I could have reeled off all the clinical factors: depression, body dysmorphia, low self-esteem; but it wouldn’t have helped.
‘Laura’s got a good chance of beating this, believe me.’
Even in sleep the girl’s face looked tense, every bone visible under transparent skin. Her chances of survival were still stacked eighty – twenty in her favour, if she could be persuaded to eat.
‘I’ll see you both tomorrow.’
Mrs Wallis nodded, without taking her eyes off her daughter. Maybe she was afraid the girl would complete her vanishing act if she glanced away.
 
On the way home I stopped at the supermarket on Tower Bridge Road and bought fresh bread, milk, muesli, bananas, Camembert – two carrier bags heaving with food. At least if Will came back tonight the fridge would be full.
I went into the kitchen, dropped a lump of butter into a frying pan, two eggs, three rashers of bacon. I ate them with a huge doorstep of bread, standing in the kitchen, without taking off my coat.
The phone rang just as I finished the last bite.
‘Hello?’
‘It’s your turn to pay me a visit.’ Sean sounded relaxed. He must have finished his shift in the operating theatre then played a game of squash, like he always did.
‘I can’t, sorry. My brother might be coming round.’
‘Fine, I’ll come to you then. I’ll get to meet him at last.’
I glanced around the kitchen. Evidence of Sean’s presence was everywhere. His scarf hanging from the back of
a chair, an overnight bag huddled by the door, containers from last night’s takeaway still stacked by the sink. I took a deep breath.
‘Look, I’m sorry, but I think we should take a break.’
When he finally replied his tone was icy. Another man seemed to have picked up the receiver. ‘What’s your definition of a break?’
‘I mean, we’ve been seeing so much of each other.’
‘Sounds like you’re trying to end it.’ Sean’s voice was rising with anger.
‘I’m sorry. I feel a bit suffocated, that’s all.’
‘Jesus, Alice. We’ve just spent the last three months in bed. You never complained.’

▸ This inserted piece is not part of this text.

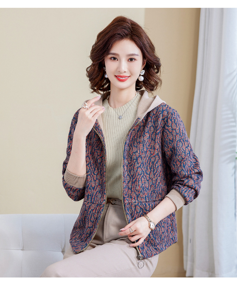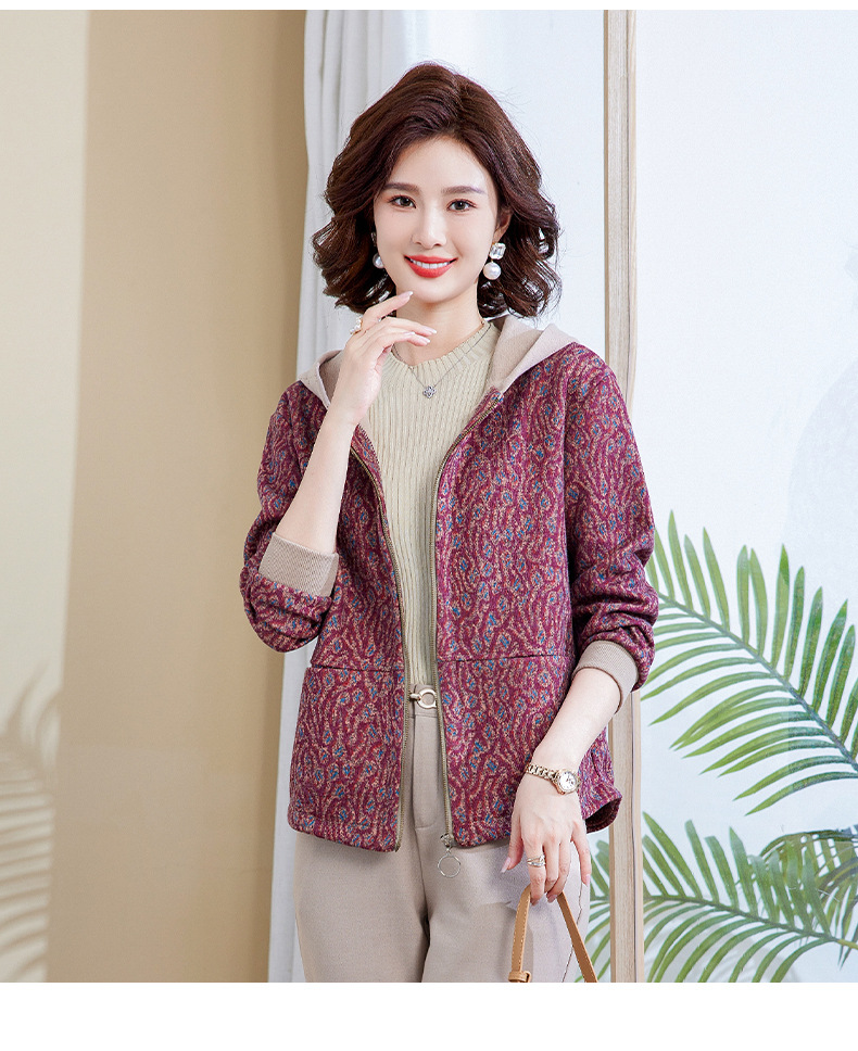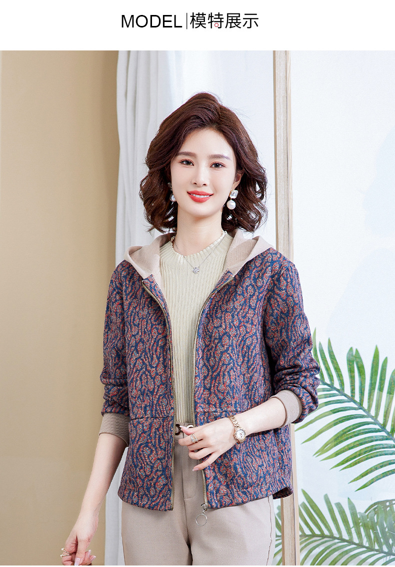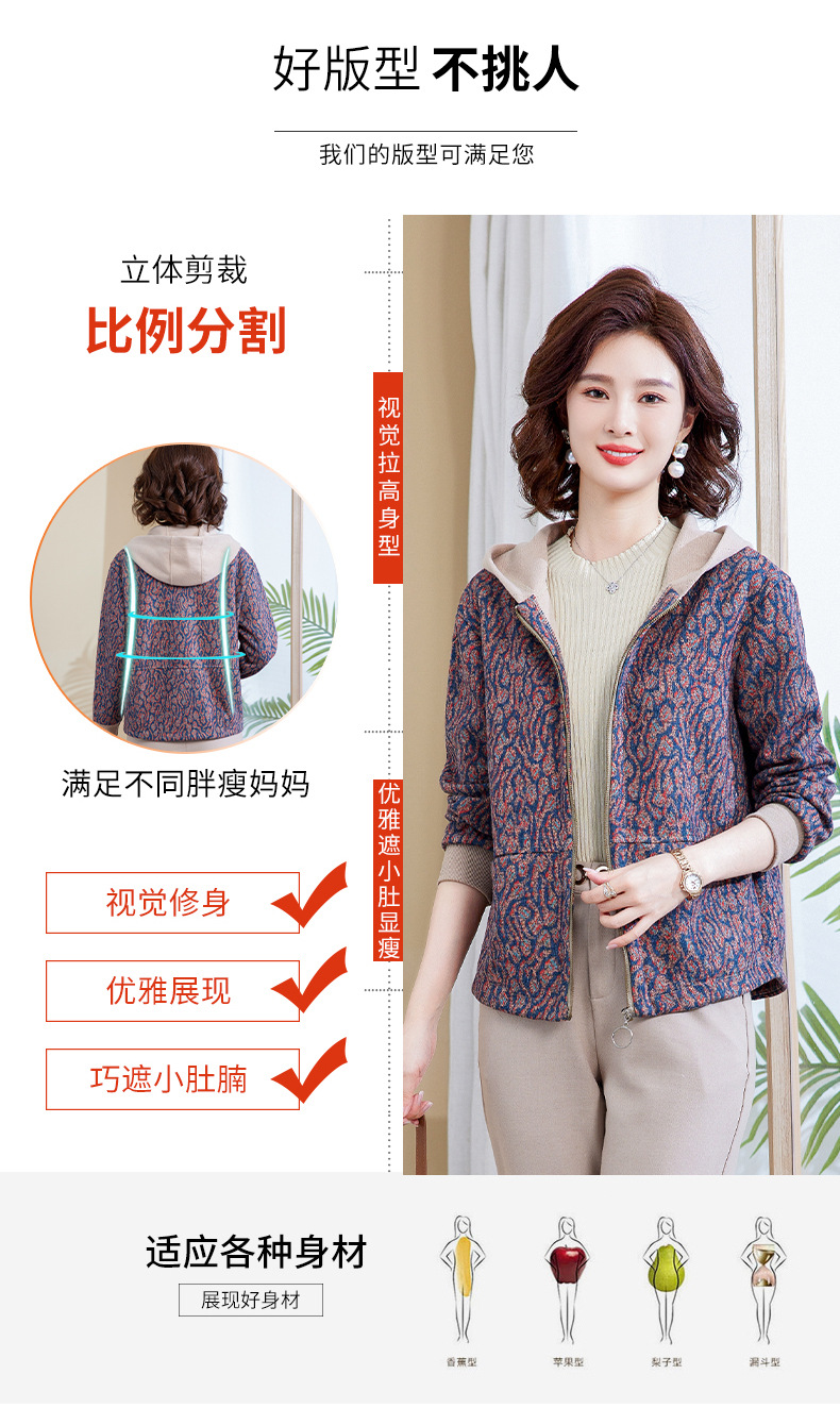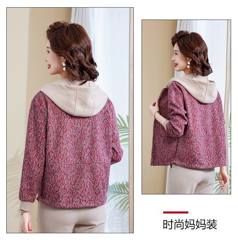 FD-2317中年妈妈外套洋气连帽春秋短款休闲上衣新款中老年女装减龄夹克衫 商品图1

I tried to explain, but he had stopped listening. I held the phone away from my ear while he ranted. Eventually I agreed to meet him the following day to talk.
Afterwards I sat on the settee in the stupor that follows a huge meal or a hard decision. It was half past eight when the moon appeared: a fragile white crescent in the corner of the window, outlined by a fuzz of yellow. For some reason it made me desperate to be outside.
I felt better as soon as my feet hit the pavement. Running is the best form of therapy. It’s impossible to fret or feel guilty when you’re struggling to breathe. I jogged until a rhythm set in, gradually picking up speed. Smokers were loitering outside the Anchor Tavern at Butler’s Wharf, watching a dredger haul itself upstream, like an old man crawling on his hands and knees. I stopped to stretch my hamstrings by the
Golden Hinde
. The replica ship was lit up to please the tourists, dripping with gold paint, new windows gleaming. Francis Drake would have laughed himself sick. By now the endorphins were working their magic, my brain pulsing with a sublime belief that everything could be fixed. I looped back down Marshalsea
Road, and for some reason I turned again at Redcross Way, searching for the river and the quickest way home.